Donna at Brynwood Needleworks said we have until Monday June 6 to link up for Memory Lane Mondays and that's when I decided to do this post after all.

 I say after all, because I had thought perhaps I was posting about war too much - but, after reading her post, I thought perhaps I should - especially because her Memory post references Memorial Day...


June 6 is an important day in world history - June 6, 1944.

D Day

We have spent the last few days reflecting heavily on Operation Overlord, the "Debarquement" and it has been a sad reflection indeed. But also a proud one.
We have seen Juno Beach, Utah and Pointe du Hoc...

Today we went to Omaha.


A diplomat from the British Foreign Office once told me Juno Beach (the Canadian landing site in Normandy) was a peaceful place, where the memorial and the beach connect, and the town of Courseilles-Sur-Mer is steps away. 
An unassuming place, where the way to the beach is as you would have found it even before the war, and the museum rises out of the dunes just behind it, respectful, very Canadian.
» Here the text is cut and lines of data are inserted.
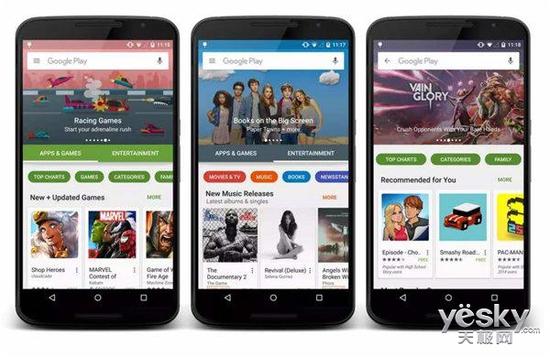 近日,在Google Play团队工作了近6年的开发者 Kirill Grouchnikov 在Google+上展示了一系列照片,照片显示Google Play可能会换新装。新版Google Play应用商店分危机公关的重要性类栏从以前的6个改成了2个:APPS & GAMES以及Entertainment。
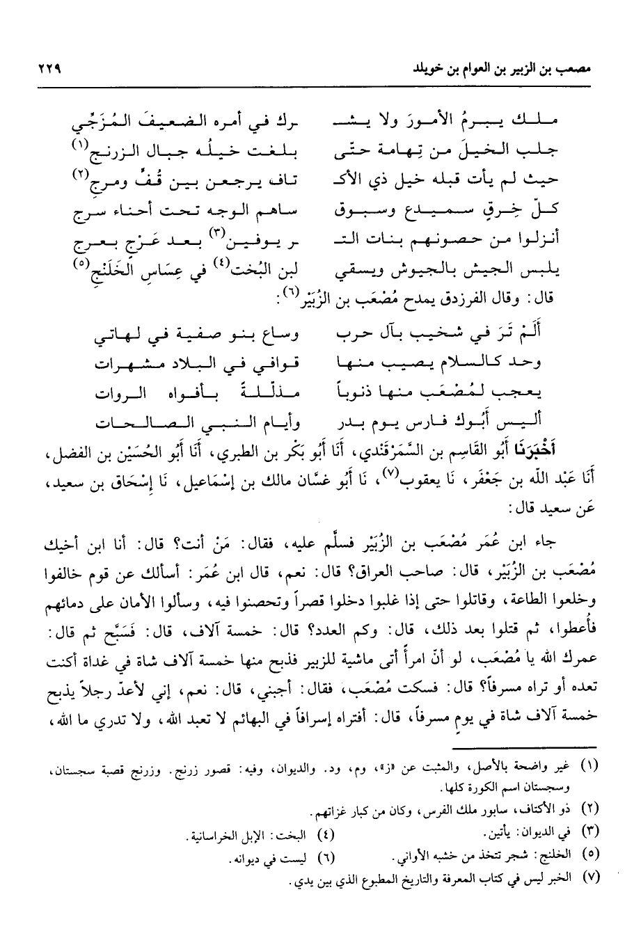 ملك يبرم الأمور ولا يش * رك في أمره الضعيف المزجي جلب الخيل من تهامة حتى * بلغت خيله جبال الزرنج (1) حيث لم يأت قبله خيل ذي الأك * تاف يرجعن بين قف ومرج (2) كل خرق سميدع وسبوق * ساهم الوجه تحت أحناء سرج أنزلوا من حصونهم بنات الت * ر يوفين (3) بعد عرج بعرج يلبس الجيش بالجيوش ويسقي * لبن البخت (4) في عساس الخلنج (5) * قال وقال الفرزدق يمدح مصعب بن الزبير (6) * ألم تر في شخيب بآل حرب * وساع بنو صفية في لهاتي وحد كالسلام يصيب منها * قوافي في البلاد مشهرات يعجب لمصعب منها ذنوبا * مذللة بأفواه الروات أليس أبوك فارس يوم بدر * وأيام النبي الصالحات * أخبرنا أبو القاسم بن السمرقندي أنا أبو بكر بن الطبري أنا أبو الحسين بن الفضل أنا عبد الله بن جعفر نا يعقوب (7) نا أبو غسان مالك بن إسماعيل نا إسحاق بن سعيد عن سعيد قال جاء ابن عمر مصعب بن الزبير فسلم عليه فقال من أنت قال أنا ابن أخيك مصعب بن الزبير قال صاحب العراق قال نعم قال ابن عمر أسألك عن قوم خالفوا وخلعوا الطاعة وقاتلوا حتى إذا غلبوا دخلوا قصرا وتحصنوا فيه وسألوا الأمان على دمائهم فأعطوا ثم قتلوا بعد ذلك قال وكم العدد قال خمسة آلاف قال فسبح ثم قال عمرك الله يا مصعب لو أن امرأ أتى ماشية للزبير فذبح منها خمسة آلاف شاة في غداة أكنت تعده أو تراه مسرفا قال فسكت مصعب فقال أجبني قال نعم إني لأعد رجلا يذبح خمسة آلاف شاة في يوم مسرفا قال أفتراه إسرافا في البهائم لا تعبد الله ولا تدري ما الله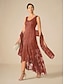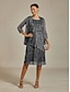 dame midikjole chiffonkjole paljetter elegant bryllupsgjest kveldsfest normal passform ensfarget 3/4-ermet rund hals rosa sommer vår høst vinter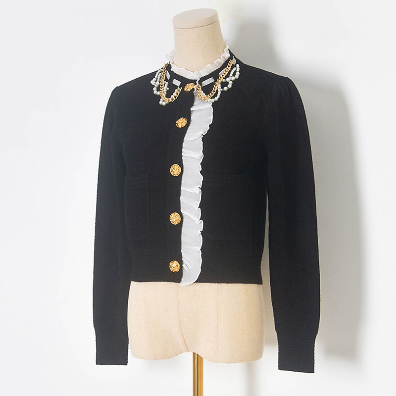 Z4249 초봄 신상 배색 러플 입체 비즈 체인 장식 더블 포켓 긴팔 니트 가디건 여성용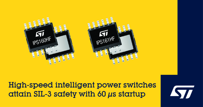 STマイクロエレクトロニクス(NYSE:STM、以下ST)は、インテリジェント・パワー・スイッチの製品ファミリに安全計装システム用の高速起動インテリジェント・ハイサイド・スイッチ「IPS160HF」および「IPS161HF」を追加しました。両製品は、起動時の遅延時間が60µs未満で、安全度水準(SIL)クラス3のアプリケーションにおけるインタフェース・タイプCおよびDの要件を満たしています。
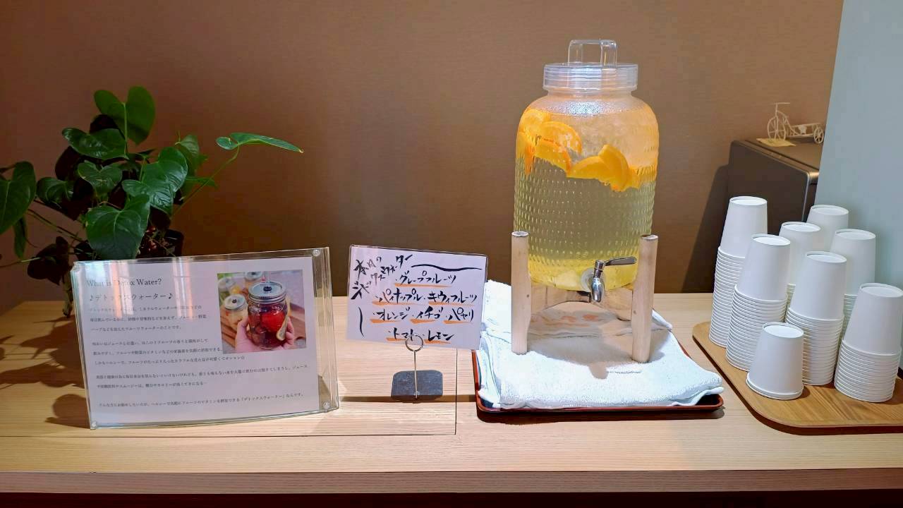 昨日は湯冷まし処にサービスでアイスキャンディーがありましたが、朝は「デトックスウォーター」がありました。

He was right.

He said Omaha is sad.

The cemetery is on the beachhead, high above the sand and crashing surf. 
It is the most meticulously cared for cemetery and memorial I have ever seen, and it is by far the saddest.
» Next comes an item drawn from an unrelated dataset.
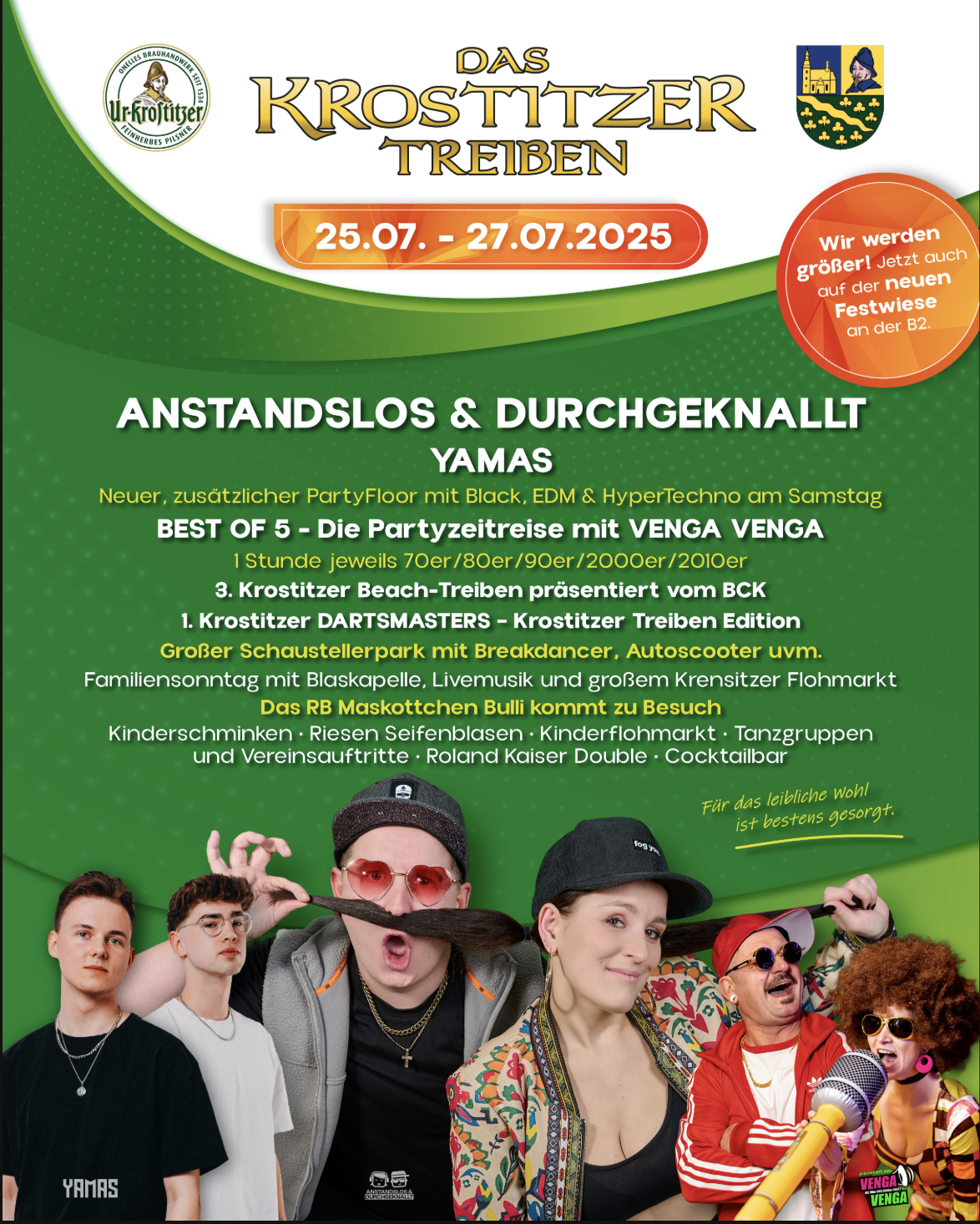 Der Online VVK für das Krostitzer Treiben ist beendet. Es gibt bis Freitag (25.07.25) Abend weiterhin Vorverkaufskarten im stationären VVK bei Nahkauf in Krostitz, sowie die reguläre Abendkasse direkt auf dem Event. Zeitiges Kommen lohnt sich. Viel Spass!

We came up the stairs from the Information Centre, turned the corner and stopped - everyone did. That first sight of the crosses is overwhelming, staggering.



You've just spent the past sixty minutes reading plaques and watching movies, all telling tales of heroism and sacrifice, brotherhood and patriotism, and you are feeling full of pride and glory and victory.

And reality comes at you swiftly, cutting you down, you fall to your knees and suddenly you can't catch your breath.

So many.

Row upon row upon row of white crosses, and when you think you must surely be coming to the end you realize you are but half way.

The rows of white crosses continue still.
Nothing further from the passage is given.